Leave out the pictures and repeat the data exactly.
Records for the task section start
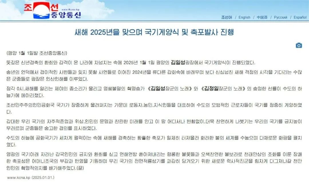 查看朝中社最新发布的报道:《새해 2025년을 맞으며 성대한 경축공연 진행》(《举行盛大的庆祝演出,迎接2025年新年》)、《새해 2025년을 맞으며 국기게양식 및 축포발사 진행》(《升旗仪式及鸣礼炮迎接2025年新年》),通篇已经不见"主体/주체"年号的影子。
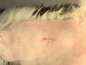 海外の獣医学論文では、従来の開腹による膀胱切開術(cystotomy)では、約20%で結石の取り残しが認められたと報告されています。
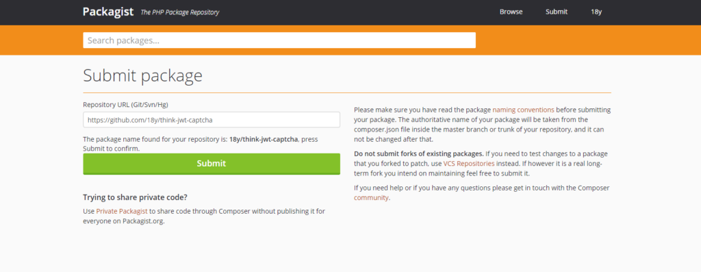- 在输入框中输入 GitHub 上的刚才包地址,如:https://github.com/18y/think-jwt-captcha
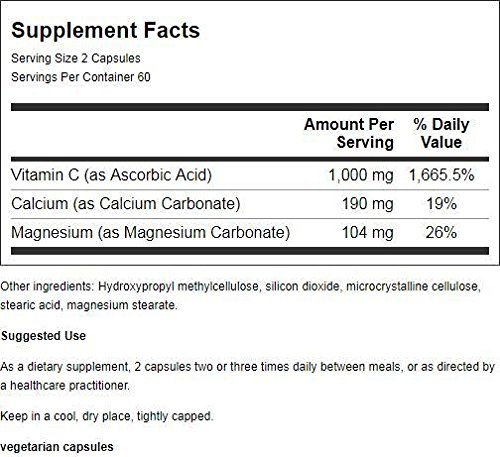 Buffered Vitamin C 500mg by Allergy Research Group 120 VegCap Buffered Vitamin C Capsules contains high-purity ascorbic acid buffered with carbonates of calcium and magnesium. Buffered C has an acid-alkaline buffering action that can help control the increased acidity often associated with allergic reactions. Developed by Stephen A. Levine Ph.D. Suggested Use As a dietary supplement 2 to 4 capsules two or three times daily between meals or as directed by a healthcare practitioner. Serving Size 4 capsules Servings per container 30 Amount per serving Vitamin C (as Ascorbic Acid) 500 mg Calcium (as Calcium Carbonate) 380 mg Magnesium (as Magnesium Carbonate) 208 mg Other ingredients Hydroxypropyl methylcellulose cellulose silicon dioxide stearic acid. These nutrients are of the highest quality and purity obtainable and do not contain preservatives diluents or artificial additives. Variations in product color may occur. Keep in a cool dry place tightly capped.Feature
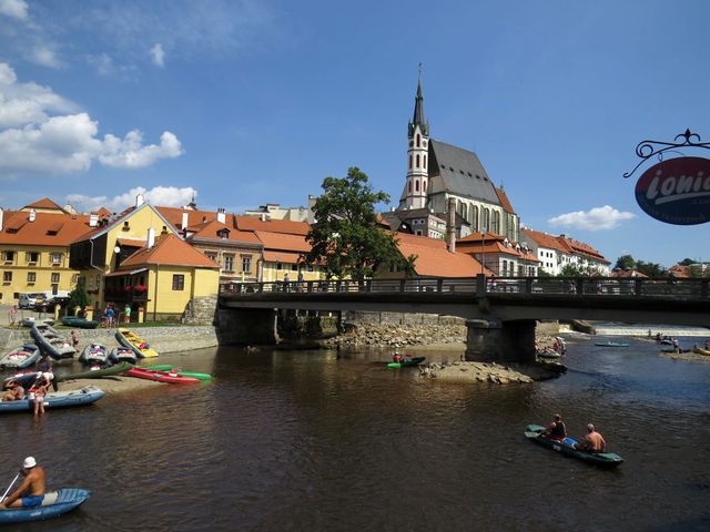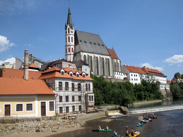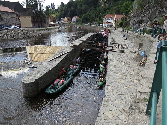 Abychom vklouzli do současnosti, zašli jsme před odjezdem z Krumlova k jezu, chvíli pozorovali projíždějící vodáky a loučili se s místem, kam se při každé příležitosti zase rádi podíváme.
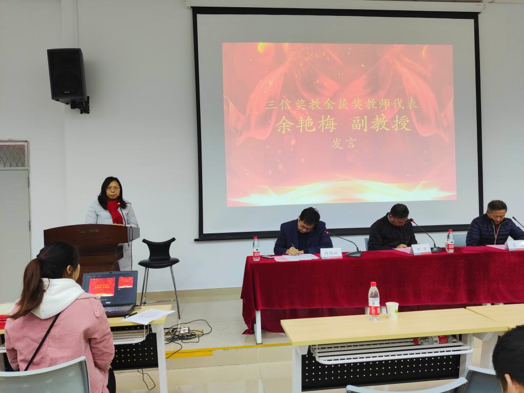 获奖名单宣读完毕后,“三信”奖教金获奖教师代表余艳梅副教授发表获奖感言。余老师首先对公司和领导对自己认可表示感谢,讲诉了作为一名光荣的大学教师,她始终不忘自己教书育人、投身科研的本职工作,并表达了她将继续以身作则、勇攀高峰的坚定态度。最后,余老师衷心祝愿重庆三信电子有限公司可以再接再厉、再创辉煌。然后是2017级本科生李益源同学作为“三信”奖学金获奖员工代表发表获奖感言。李益源同学也首先表达了对公司的感激,感谢老师以及领导们的栽培。她讲诉了自己从一进公司开始,就立志要成为一名敢于拼搏、突破自我极限的人。于是她早早地就进入了实验室,和老师、学长学姐们一起搞科研,发论文,同时还修双学位,所以李益源也成为了同学眼中的“励志”女孩。
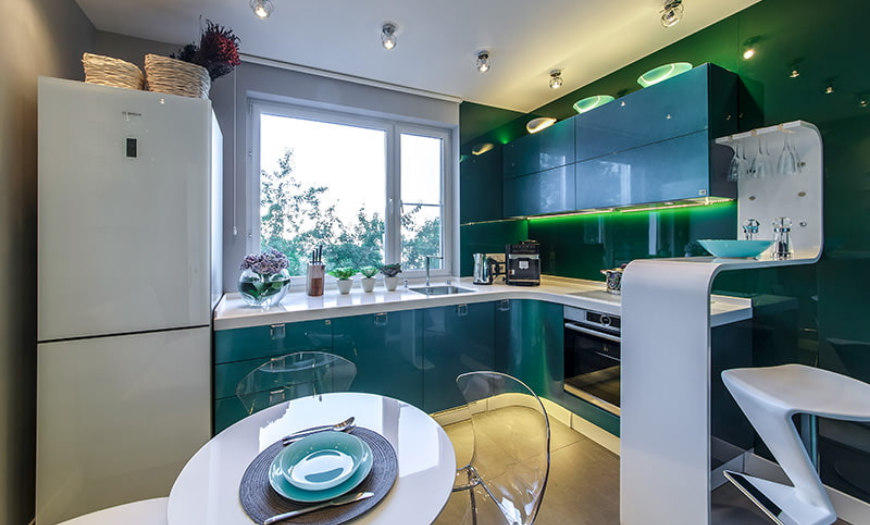 - Одним из значимых трендов в дизайне маленьких кухонь является использование стекла и зеркал. Прозрачные кухонные фасады, столешницы со стеклянным покрытием и зеркальные элементы декора делают кухню значительно менее тесной.
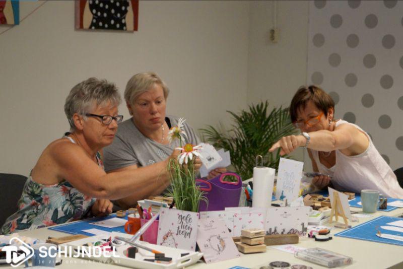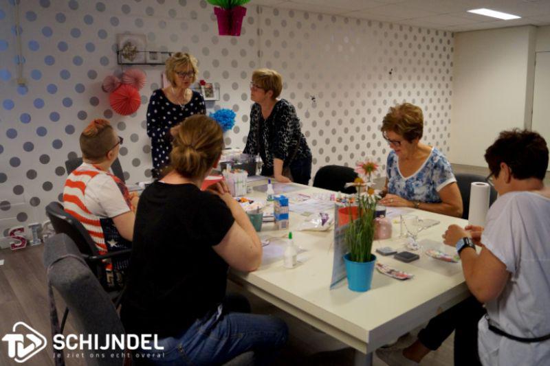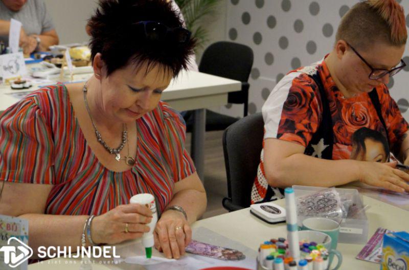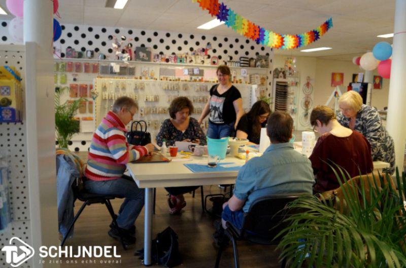 Schijndel - Het is al weer een jaar geleden dat de scrapsisters, de zussen Anja en Monique, hun hobbywinkel openden aan de Hertog Jan 2 laan 42a. En dat wilden ze graag vieren met een feestweek. Op zaterdag 5 mei werden er ook diverse activiteiten georganiseerd: het maken van make&take flower foam bloemen o.l.v. Ineke Bezemer, mini workshop mixed media o.l.v. Alice Huisman en het stempelen met Cats on Appletrees. Zoals de foto's laten zien was het gezellig druk, de scrapsisters waren dan ook dik tevreden met de goede opkomst. Onder lees meer een aantal foto's, in het fotoboek is een uitgebreide fotoseriete vinden
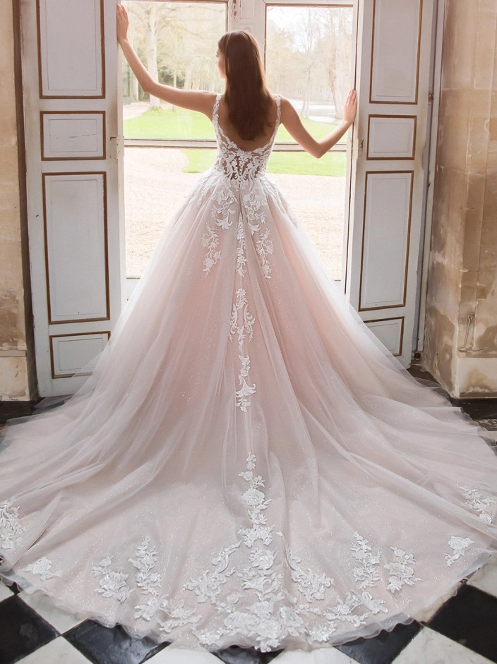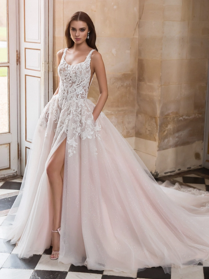 Calling all modern brides! ELIZABETH will be sure to make any bride look like a modern princess with her curved neckline bodice with lace straps to provide the perfect amount of support. This dramatic 18th century-inspired ball gown showcases a beautiful beaded baroque lace trickling down from the bodice to the sparkling tulle skirt with pockets. The illusion side cut-outs and high slit on the regal skirt add an extra sexy, sophisticated touch.
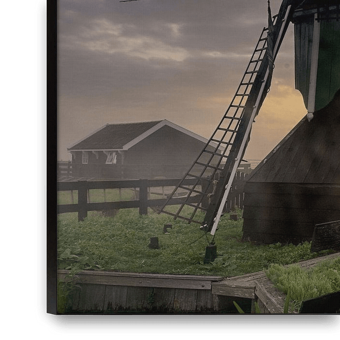 Mühle Zaanse Schans bei Sonnenaufgang mit Bodennebel
Records for the task section end
*Result for this exercise*
 查看朝中社最新发布的报道:《새해 2025년을 맞으며 성대한 경축공연 진행》(《举行盛大的庆祝演出,迎接2025年新年》)、《새해 2025년을 맞으며 국기게양식 및 축포발사 진행》(《升旗仪式及鸣礼炮迎接2025年新年》),通篇已经不见"主体/주체"年号的影子。
 海外の獣医学論文では、従来の開腹による膀胱切開術(cystotomy)では、約20%で結石の取り残しが認められたと報告されています。
- 在输入框中输入 GitHub 上的刚才包地址,如:https://github.com/18y/think-jwt-captcha
 Buffered Vitamin C 500mg by Allergy Research Group 120 VegCap Buffered Vitamin C Capsules contains high-purity ascorbic acid buffered with carbonates of calcium and magnesium. Buffered C has an acid-alkaline buffering action that can help control the increased acidity often associated with allergic reactions. Developed by Stephen A. Levine Ph.D. Suggested Use As a dietary supplement 2 to 4 capsules two or three times daily between meals or as directed by a healthcare practitioner. Serving Size 4 capsules Servings per container 30 Amount per serving Vitamin C (as Ascorbic Acid) 500 mg Calcium (as Calcium Carbonate) 380 mg Magnesium (as Magnesium Carbonate) 208 mg Other ingredients Hydroxypropyl methylcellulose cellulose silicon dioxide stearic acid. These nutrients are of the highest quality and purity obtainable and do not contain preservatives diluents or artificial additives. Variations in product color may occur. Keep in a cool dry place tightly capped.Feature
 Abychom vklouzli do současnosti, zašli jsme před odjezdem z Krumlova k jezu, chvíli pozorovali projíždějící vodáky a loučili se s místem, kam se při každé příležitosti zase rádi podíváme.
 获奖名单宣读完毕后,“三信”奖教金获奖教师代表余艳梅副教授发表获奖感言。余老师首先对公司和领导对自己认可表示感谢,讲诉了作为一名光荣的大学教师,她始终不忘自己教书育人、投身科研的本职工作,并表达了她将继续以身作则、勇攀高峰的坚定态度。最后,余老师衷心祝愿重庆三信电子有限公司可以再接再厉、再创辉煌。然后是2017级本科生李益源同学作为“三信”奖学金获奖员工代表发表获奖感言。李益源同学也首先表达了对公司的感激,感谢老师以及领导们的栽培。她讲诉了自己从一进公司开始,就立志要成为一名敢于拼搏、突破自我极限的人。于是她早早地就进入了实验室,和老师、学长学姐们一起搞科研,发论文,同时还修双学位,所以李益源也成为了同学眼中的“励志”女孩。
 - Одним из значимых трендов в дизайне маленьких кухонь является использование стекла и зеркал. Прозрачные кухонные фасады, столешницы со стеклянным покрытием и зеркальные элементы декора делают кухню значительно менее тесной.
 Schijndel - Het is al weer een jaar geleden dat de scrapsisters, de zussen Anja en Monique, hun hobbywinkel openden aan de Hertog Jan 2 laan 42a. En dat wilden ze graag vieren met een feestweek. Op zaterdag 5 mei werden er ook diverse activiteiten georganiseerd: het maken van make&take flower foam bloemen o.l.v. Ineke Bezemer, mini workshop mixed media o.l.v. Alice Huisman en het stempelen met Cats on Appletrees. Zoals de foto's laten zien was het gezellig druk, de scrapsisters waren dan ook dik tevreden met de goede opkomst. Onder lees meer een aantal foto's, in het fotoboek is een uitgebreide fotoseriete vinden
 Calling all modern brides! ELIZABETH will be sure to make any bride look like a modern princess with her curved neckline bodice with lace straps to provide the perfect amount of support. This dramatic 18th century-inspired ball gown showcases a beautiful beaded baroque lace trickling down from the bodice to the sparkling tulle skirt with pockets. The illusion side cut-outs and high slit on the regal skirt add an extra sexy, sophisticated touch.
 Mühle Zaanse Schans bei Sonnenaufgang mit Bodennebel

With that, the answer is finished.